[Saved data entries]
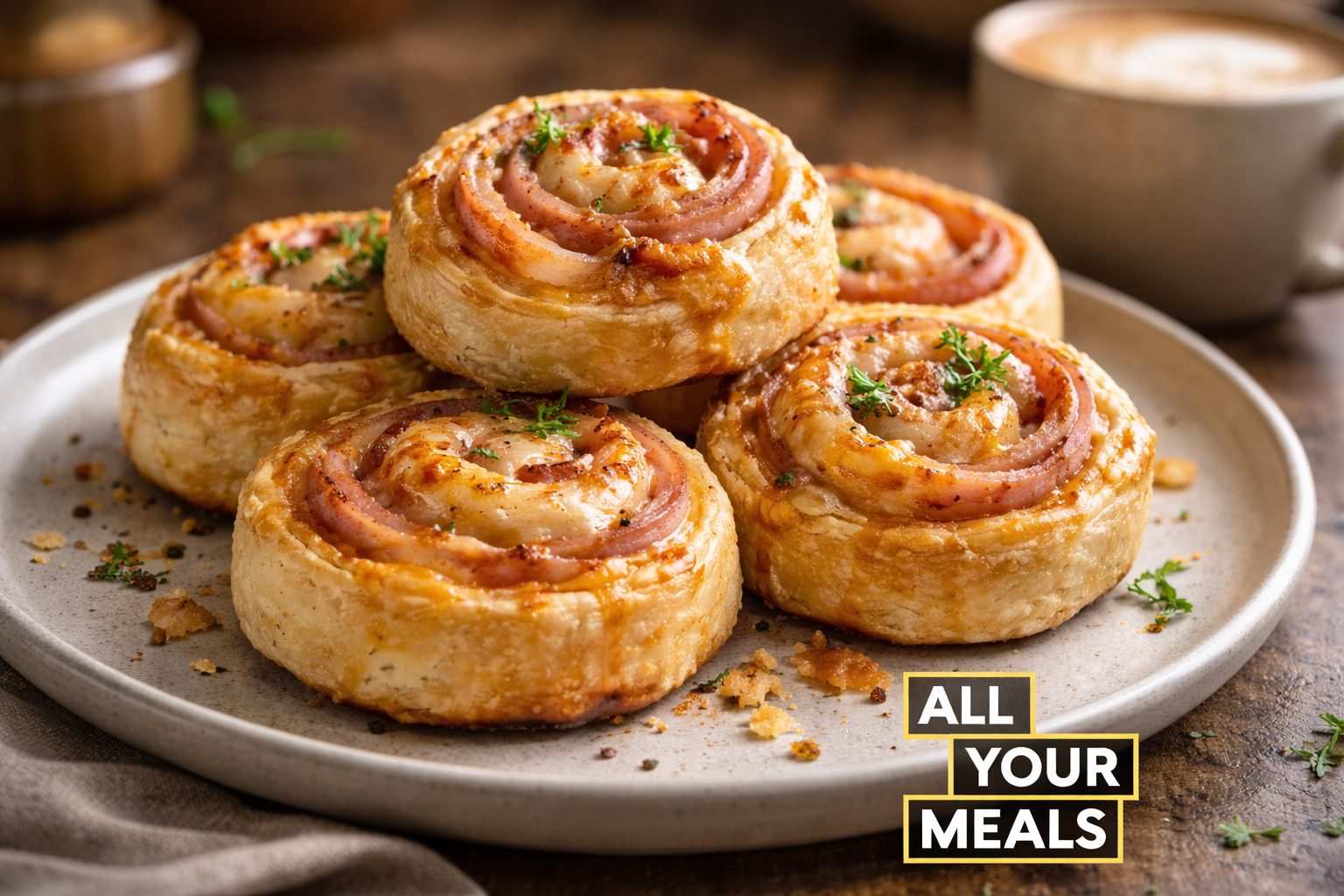 Ham, dijon mustard, cheese, and parsley rolled up in puff pastry
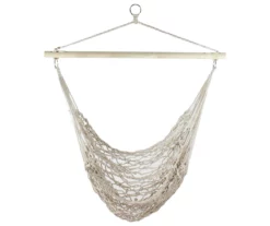Relax in style with this portable hammock. A comfy addition to your outdoor space, this hammock has an ivory netted pattern and a wooden bar to hang. This fun hammock is ease to transport and hangs wherever you venture!
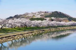 船岡城址公園は毎年桜の季節になると多くの人が訪れるお花見スポット。千本以上の桜が咲き誇り、川沿いから山の上まで満開の桜が続いていて、圧巻の美しさ!
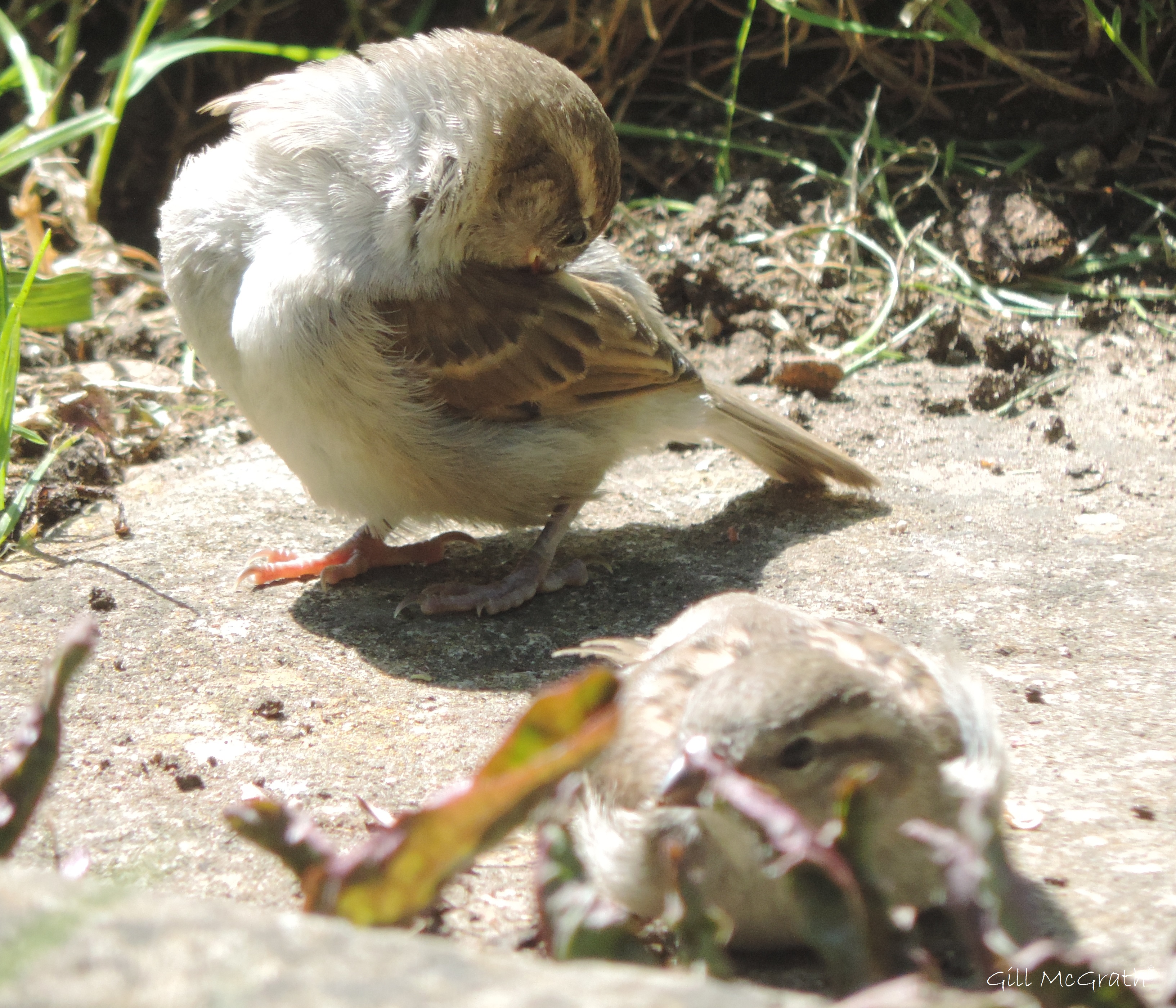 Gill McGrath© June 18 afternoon. a family of sparrows flew the nest today
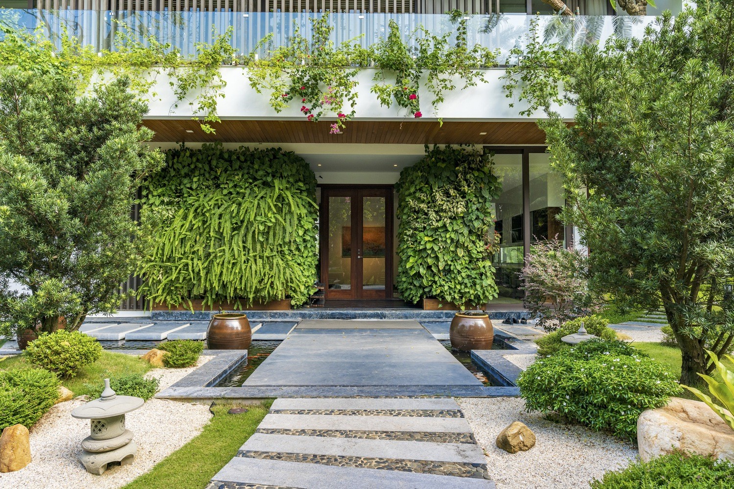 Nhiều chuyên gia về kiến trúc đánh giá, biệt thự này là mẫu công trình nhà ở điển hình, sử dụng sân vườn xanh mát để che bụi, cản tiếng ồn hiệu quả.

YOUR OBJECTIVE: Give back, word for word, the lines from the line that contains "船岡城址公園は毎年桜の季節に" through the last line of the records, with no pictures and nothing else.

THE ANSWER:
 船岡城址公園は毎年桜の季節になると多くの人が訪れるお花見スポット。千本以上の桜が咲き誇り、川沿いから山の上まで満開の桜が続いていて、圧巻の美しさ!
 Gill McGrath© June 18 afternoon. a family of sparrows flew the nest today
 Nhiều chuyên gia về kiến trúc đánh giá, biệt thự này là mẫu công trình nhà ở điển hình, sử dụng sân vườn xanh mát để che bụi, cản tiếng ồn hiệu quả.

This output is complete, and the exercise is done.